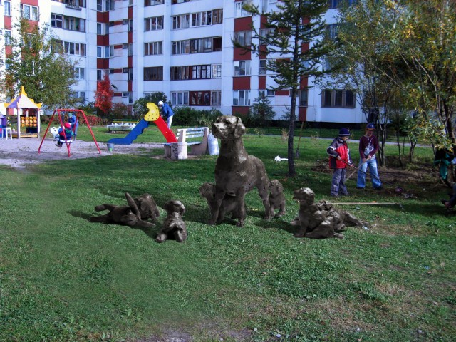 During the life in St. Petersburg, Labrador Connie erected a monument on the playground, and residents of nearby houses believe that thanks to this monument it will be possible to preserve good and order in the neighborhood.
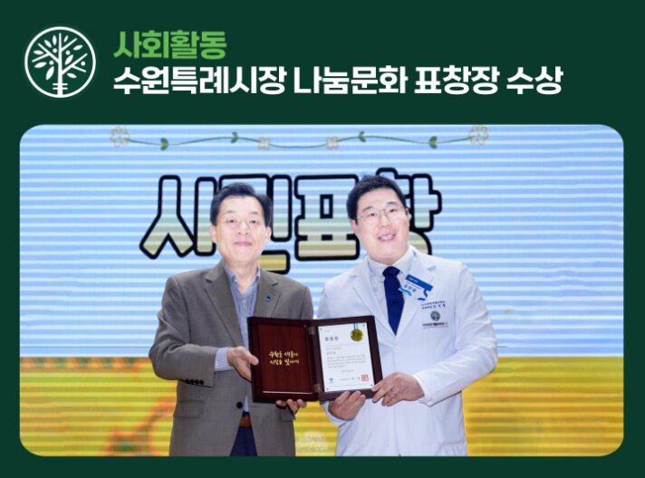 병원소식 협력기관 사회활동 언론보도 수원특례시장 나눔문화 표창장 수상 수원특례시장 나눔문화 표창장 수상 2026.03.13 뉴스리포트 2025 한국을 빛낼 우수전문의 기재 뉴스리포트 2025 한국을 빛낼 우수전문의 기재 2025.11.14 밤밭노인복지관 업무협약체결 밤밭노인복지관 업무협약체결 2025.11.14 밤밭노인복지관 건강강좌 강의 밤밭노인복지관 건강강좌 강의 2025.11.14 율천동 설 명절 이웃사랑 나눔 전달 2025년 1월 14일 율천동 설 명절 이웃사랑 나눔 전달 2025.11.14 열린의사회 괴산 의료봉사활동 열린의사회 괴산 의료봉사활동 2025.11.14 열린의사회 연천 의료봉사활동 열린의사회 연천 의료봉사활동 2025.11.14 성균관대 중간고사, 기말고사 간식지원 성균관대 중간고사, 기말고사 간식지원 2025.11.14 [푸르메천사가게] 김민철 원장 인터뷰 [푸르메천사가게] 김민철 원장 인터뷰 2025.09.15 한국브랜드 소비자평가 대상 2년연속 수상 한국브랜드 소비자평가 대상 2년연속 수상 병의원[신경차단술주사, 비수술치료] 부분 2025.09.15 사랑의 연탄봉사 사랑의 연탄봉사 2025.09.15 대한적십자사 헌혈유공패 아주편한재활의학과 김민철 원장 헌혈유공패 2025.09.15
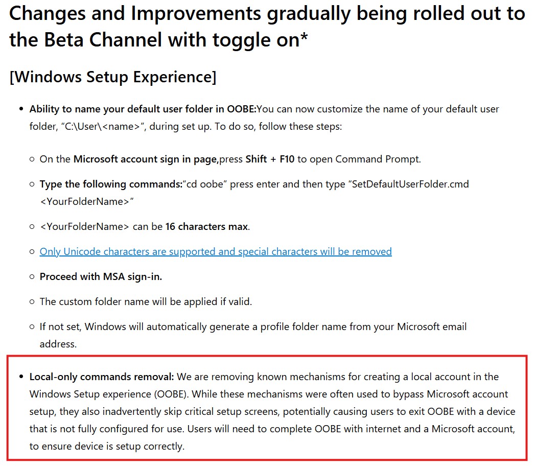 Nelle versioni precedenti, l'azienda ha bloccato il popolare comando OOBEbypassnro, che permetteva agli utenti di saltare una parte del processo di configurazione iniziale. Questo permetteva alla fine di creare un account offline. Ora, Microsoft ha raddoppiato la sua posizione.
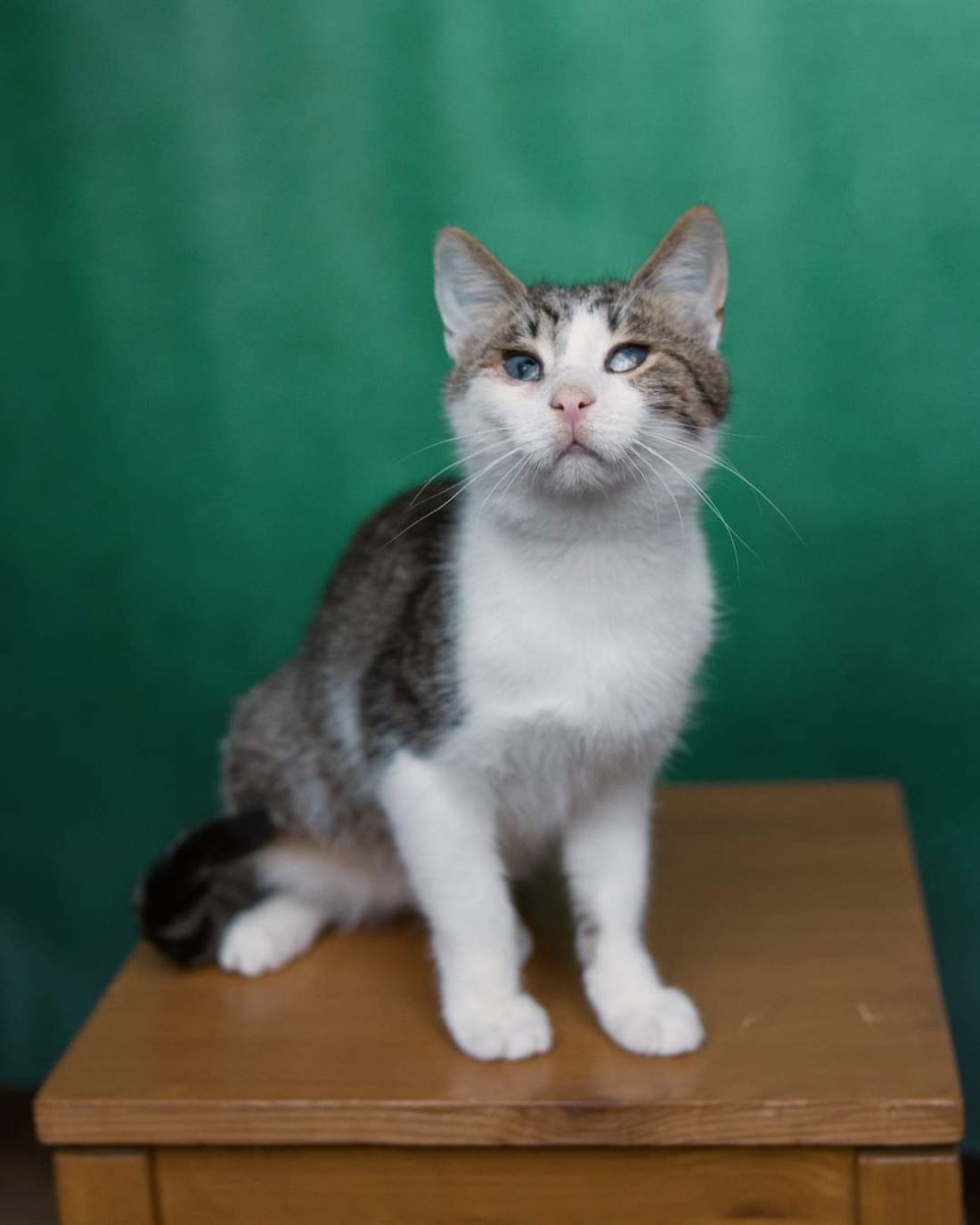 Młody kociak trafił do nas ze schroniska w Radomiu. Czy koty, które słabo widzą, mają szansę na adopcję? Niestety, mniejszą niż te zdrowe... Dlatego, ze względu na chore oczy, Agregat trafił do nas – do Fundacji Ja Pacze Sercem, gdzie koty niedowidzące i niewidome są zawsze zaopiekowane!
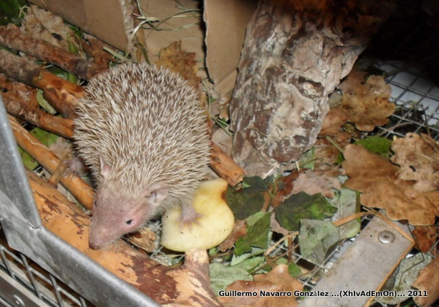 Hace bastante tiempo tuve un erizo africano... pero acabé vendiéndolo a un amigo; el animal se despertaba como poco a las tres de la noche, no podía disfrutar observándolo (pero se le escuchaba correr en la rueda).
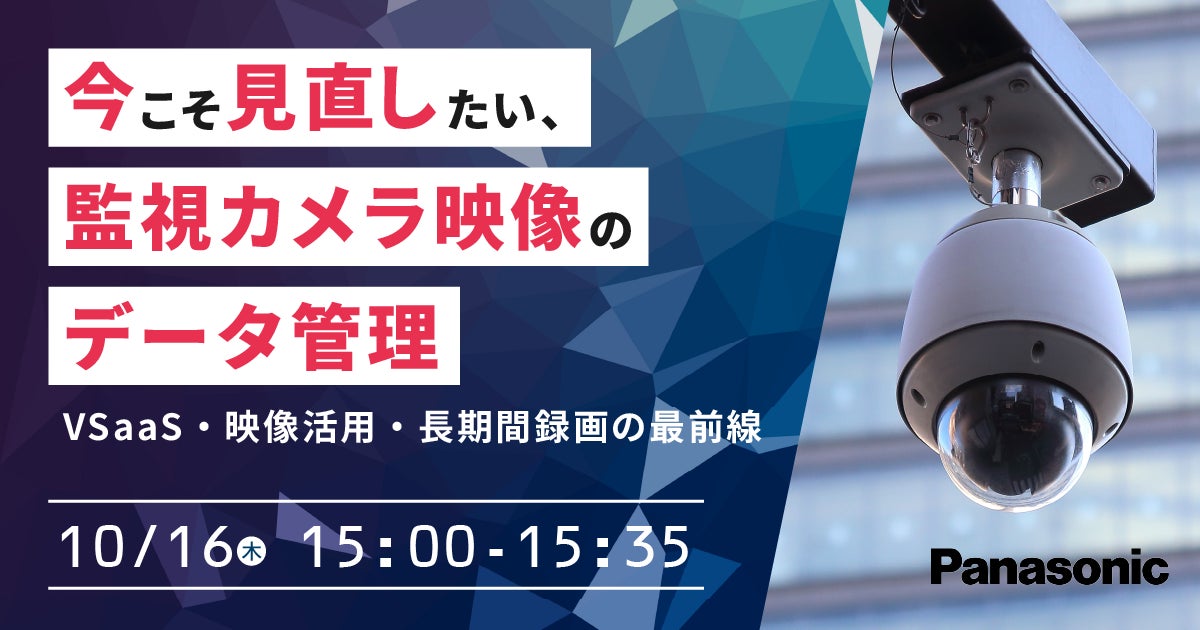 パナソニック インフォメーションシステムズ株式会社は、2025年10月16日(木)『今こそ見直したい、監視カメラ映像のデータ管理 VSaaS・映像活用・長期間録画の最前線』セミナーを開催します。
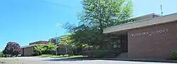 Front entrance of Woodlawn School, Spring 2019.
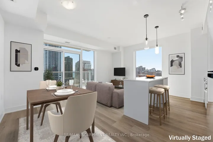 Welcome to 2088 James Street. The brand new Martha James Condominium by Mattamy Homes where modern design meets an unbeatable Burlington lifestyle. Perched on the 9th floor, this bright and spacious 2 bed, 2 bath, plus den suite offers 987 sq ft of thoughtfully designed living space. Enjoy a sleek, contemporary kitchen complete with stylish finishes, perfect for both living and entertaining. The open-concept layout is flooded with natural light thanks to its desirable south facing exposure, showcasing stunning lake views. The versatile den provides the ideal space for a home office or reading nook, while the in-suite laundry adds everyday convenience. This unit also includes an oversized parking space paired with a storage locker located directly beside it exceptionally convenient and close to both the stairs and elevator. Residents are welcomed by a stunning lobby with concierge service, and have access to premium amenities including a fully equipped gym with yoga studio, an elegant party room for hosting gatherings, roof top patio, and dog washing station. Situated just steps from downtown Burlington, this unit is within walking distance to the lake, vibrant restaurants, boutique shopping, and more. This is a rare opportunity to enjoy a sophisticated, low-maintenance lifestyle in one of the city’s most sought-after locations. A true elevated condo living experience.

------------------------------------------------------------------------

● TASK TO CARRY OUT
Look through the listing above for the line with "Młody kociak trafił" and the line with "Front entrance of". Write out exactly those lines and everything between, leaving out pictures.

● EXERCISE RESPONSE
 Młody kociak trafił do nas ze schroniska w Radomiu. Czy koty, które słabo widzą, mają szansę na adopcję? Niestety, mniejszą niż te zdrowe... Dlatego, ze względu na chore oczy, Agregat trafił do nas – do Fundacji Ja Pacze Sercem, gdzie koty niedowidzące i niewidome są zawsze zaopiekowane!
 Hace bastante tiempo tuve un erizo africano... pero acabé vendiéndolo a un amigo; el animal se despertaba como poco a las tres de la noche, no podía disfrutar observándolo (pero se le escuchaba correr en la rueda).
 パナソニック インフォメーションシステムズ株式会社は、2025年10月16日(木)『今こそ見直したい、監視カメラ映像のデータ管理 VSaaS・映像活用・長期間録画の最前線』セミナーを開催します。
 Front entrance of Woodlawn School, Spring 2019.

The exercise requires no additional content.